Двумя пальцами свободной руки Чонкин вытащил из кармана гимнастерки записку председателя о дополнительной выдаче продуктов и протянул Нюре. Нюра поднесла записку к лампе и, шевеля губами, вдумалась в содержание.

– Ложись, отдохни маленько, а то ведь не спамши, – сказала она, придавая голосу своему ласковую интонацию.

Чонкин в ответ похлопал ее по спине.

– Ладно уж, ты поспи, а к утру на часок подменишь меня.

Он взял у Нюры винтовку, сел на табуретку, прислонился спиной к косяку.
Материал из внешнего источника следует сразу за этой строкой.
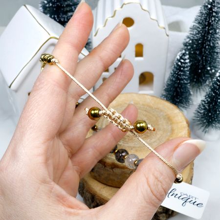 Obwód regulowany jest za pomocą węzła makramowego, co ułatwia zakładanie i zdejmowanie bransoletki oraz pozwala na wygodne dopasowanie do nadgarstka.
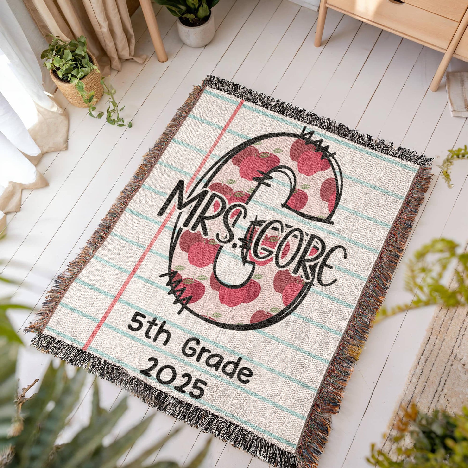 This Custom Teacher Initial Woven Blanket features the teacher’s name, grade, and year on a watercolor-inspired background — a cozy, personalized keepsake for any teacher.
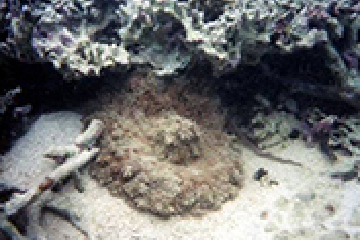 色や形が石や岩に似ており、じっと動かないため知らずに踏みつけて刺されることがあります。背びれにトゲがあり、ゴム底の靴を貫くほど強力です。浅いところにもいるので要注意です。
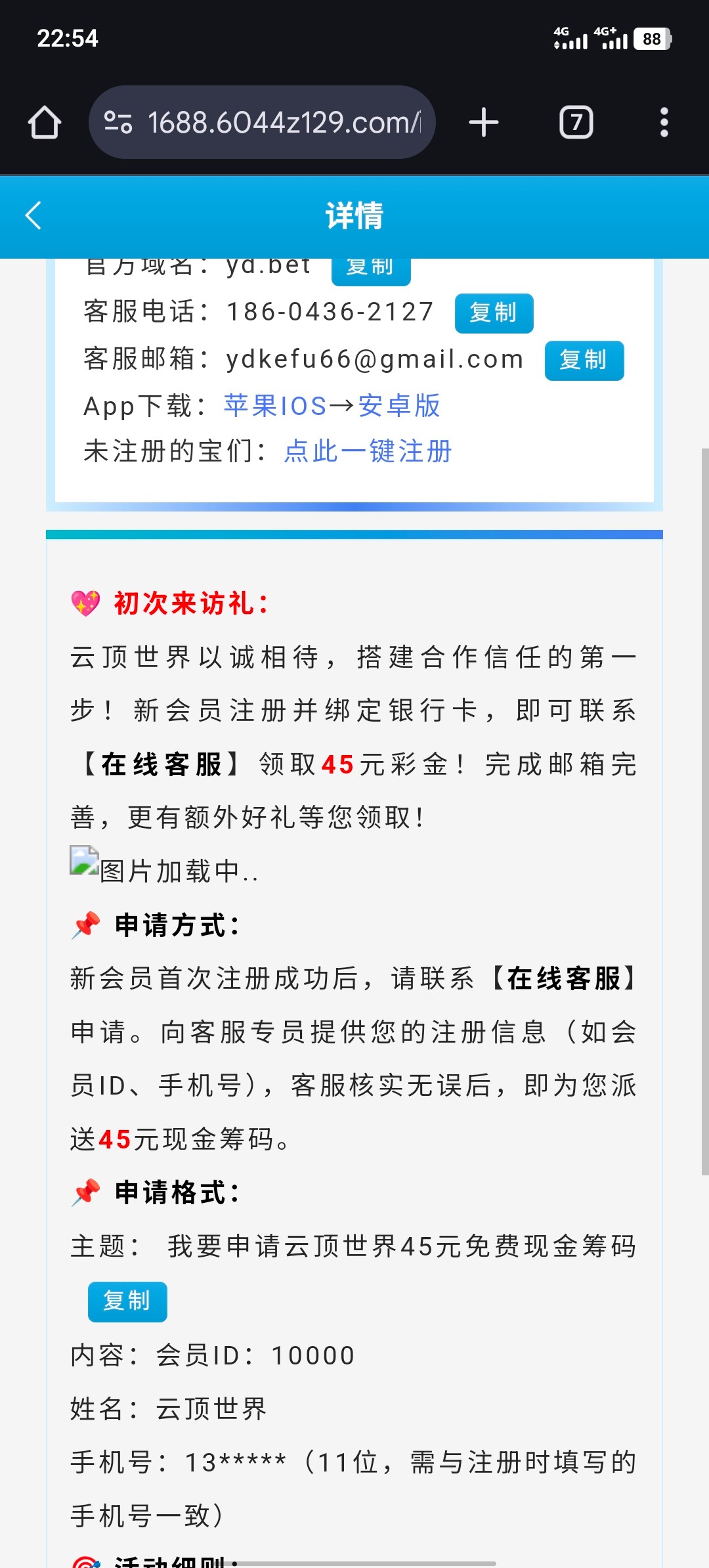 注册账号 完善信息 找客服自助申请 45元彩金
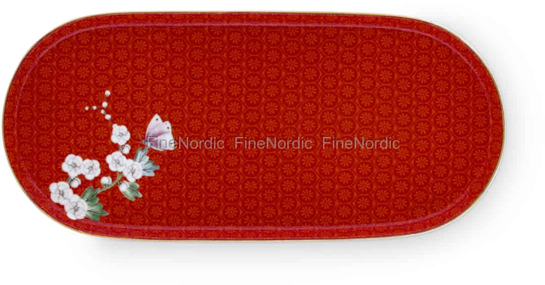 Der Pip Studio Sugar & Creamer Kamini Red Teller zeichnet sich durch seine schöne rote Farbe und hübsches Blumenmuster aus. Der rote Hintergrund ist mit einem eleganten Print verziert und dazu schmücken exotische weiße Blumen und ein Schmetterling diesen Teller. Das Porzellantablett hat einen goldfarbenen Rand, der ihm den letzten Schliff verleiht. Sie können ihn als Untersetzer für Ihr Milchkännchen und Zuckerdose sowie als Serviertablett für ein paar kleinen Vorspeisen oder Leckerbissen verwenden. Das längliche, an den Enden abgerundete Tablett kann auch als Herzstück auf dem Tisch verwendet werden und Sie können es je nach Jahreszeit entsprechend dekorieren. Dieser exquisit aussehende und vielseitige Kamini Red Zucker und Milchkännchen Teller sollte auf keinen Fall in Ihrer Pip Studio Kollektion fehlen.

Нюра, не раздеваясь, легла лицом к стене и вскоре заснула. Было тихо. Только лейтенант повизгивал во сне, как щенок, и громко чмокал губами. Серая моль кружилась над лампой, то тычась в стекло, то отлетая. Было душно, влажно, и вскоре за окном посыпался, зашуршал по листьям, по крыше дождь.

Чтобы не заснуть, Чонкин пошел в угол к ведру, зачерпнул прямо ладонью воды и смочил лицо. Как будто полегчало. Но только уселся на прежнее место, как снова стало клонить в сон. Он зажимал винтовку коленями и руками, но пальцы сами собой разжимались, и приходилось прилагать героические усилия, чтобы не свалиться с табуретки. Несколько раз спохватывался он в последнее мгновение и бдительно таращил глаза, но все было тихо, спокойно, только дождь шуршал за окном и где-то под полом настойчиво грызла дерево мышь.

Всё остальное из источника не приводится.